なお、バイデン大統領と尹大統領は、翌5月21日に首脳会談を行い、共同声明を発表。この共同声明文には「半導体(Semiconductors)」というキーワードが以下のように2回出てきた。

  • 「米韓両大統領は、米韓の科学者、研究者、技術者は、世界で最も革新的であることを十分に認識し、この比較優位性を活用して、必要不可欠かつ新興技術 ― つまり先端半導体技術、環境にやさしいEVバッテリー、人工知能、量子技術、バイオテクノロジー、バイオ製造、自律型ロボット - を保護および促進するための公的および民間の協力を強化することに同意する。さらに、両大統領は、これらの分野の専門家間の人と人との交流に対する積極的な支援を再確認する。この目的のために、両大統領は、投資の促進および研究開発協力を通じて、両国におけるこれらの必要不可欠かつ新興技術に関するパートナーシップを強化するために協力することに合意する」。
  • 「米韓両大統領は、主要製品 - 半導体、バッテリー、必要不可欠な資源 - の回復力のあるサプライチェーンの促進について話し合うために、定期的な大臣レベルの『サプライチェーンと商業に関する協議会合』を設立することに同意する。両首脳はまた、重要な技術に関連する外国投資審査と輸出管理当局との間の協力を強化することに同意する。これは、高度な技術を使用して国家および経済の安全を損なうことを防ぐために必要である」。
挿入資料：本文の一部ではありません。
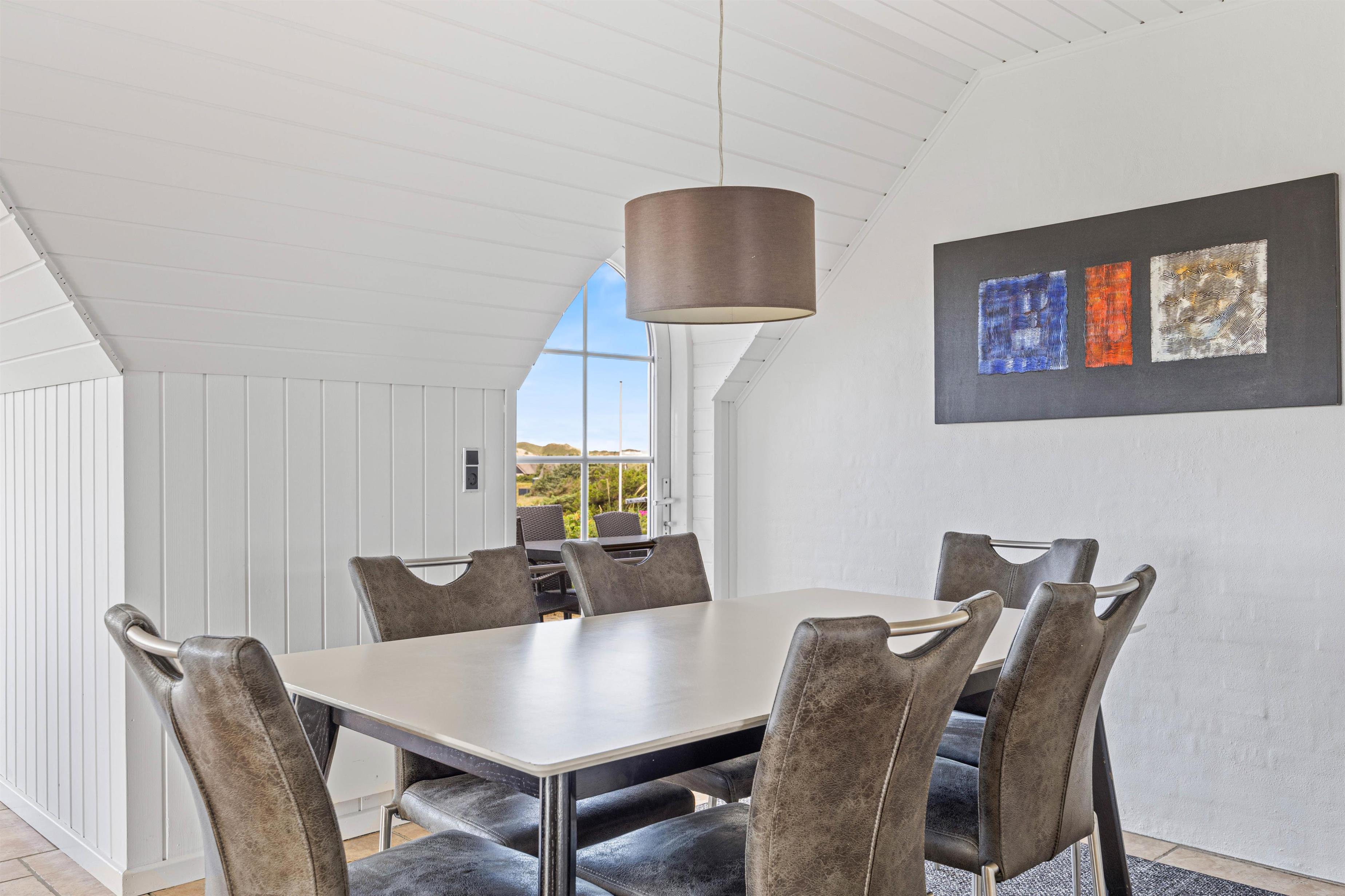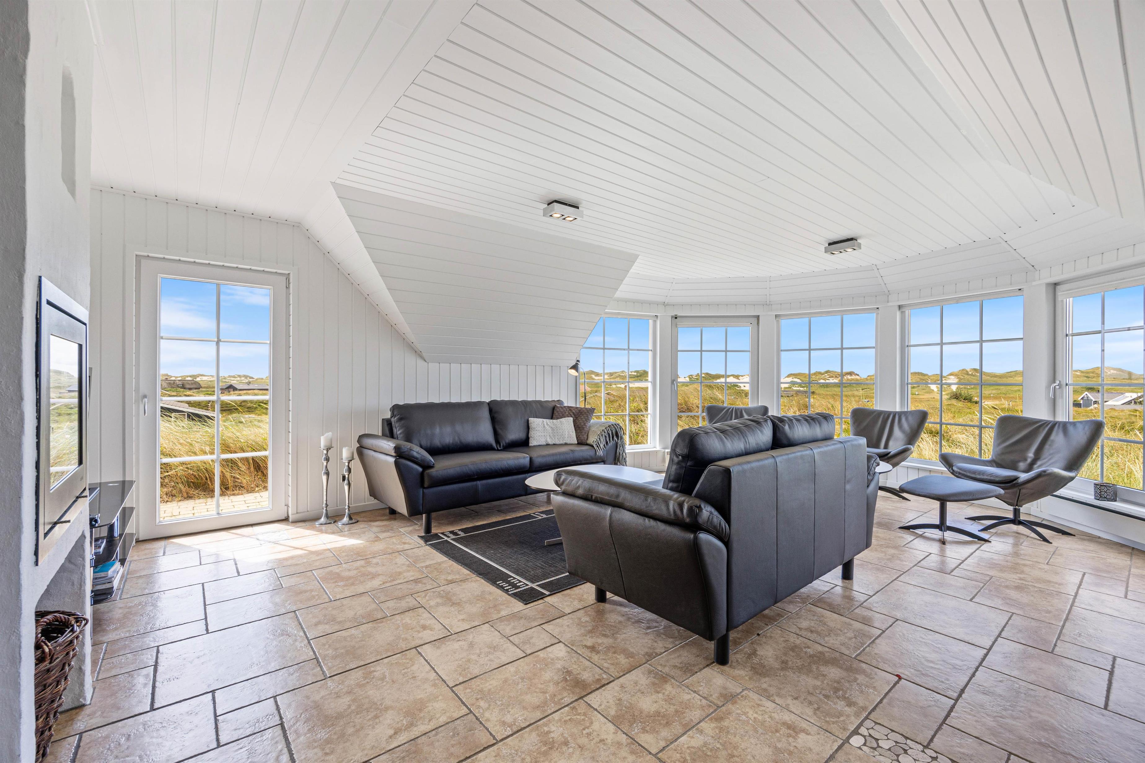 Den tidsløse og lyse indretning giver feriehuset en rolig atmosfære – den helt rigtige stemning til en afslappende ferie. Det store alrum kombinerer køkken, spiseafdeling og stue, hvorfra der er den smukkeste panoramaudsigt. Her er der plads til at være sammen og nyde tiden med hinanden i nuet. Hyg jer med fælles madlavning, sjove spil eller en god bog og kop kaffe fra lænestolen. For at skabe lidt ekstra hygge på en køligere regnvejrsdag, kan I tænde op i brændeovnen.

1つ目は、先端半導体はじめ新興技術で米韓間の結びつきを強めるための施策であり、2つ目は、中国に依存しないサプライチェーンを構築するための、明らかに中国への輸出規制を狙った施策であろう。これらを踏まえて、今週、日本での日米首脳会議やクアッド(日米豪印首脳会合)でどのようなことが議論され合意されるかが注目される。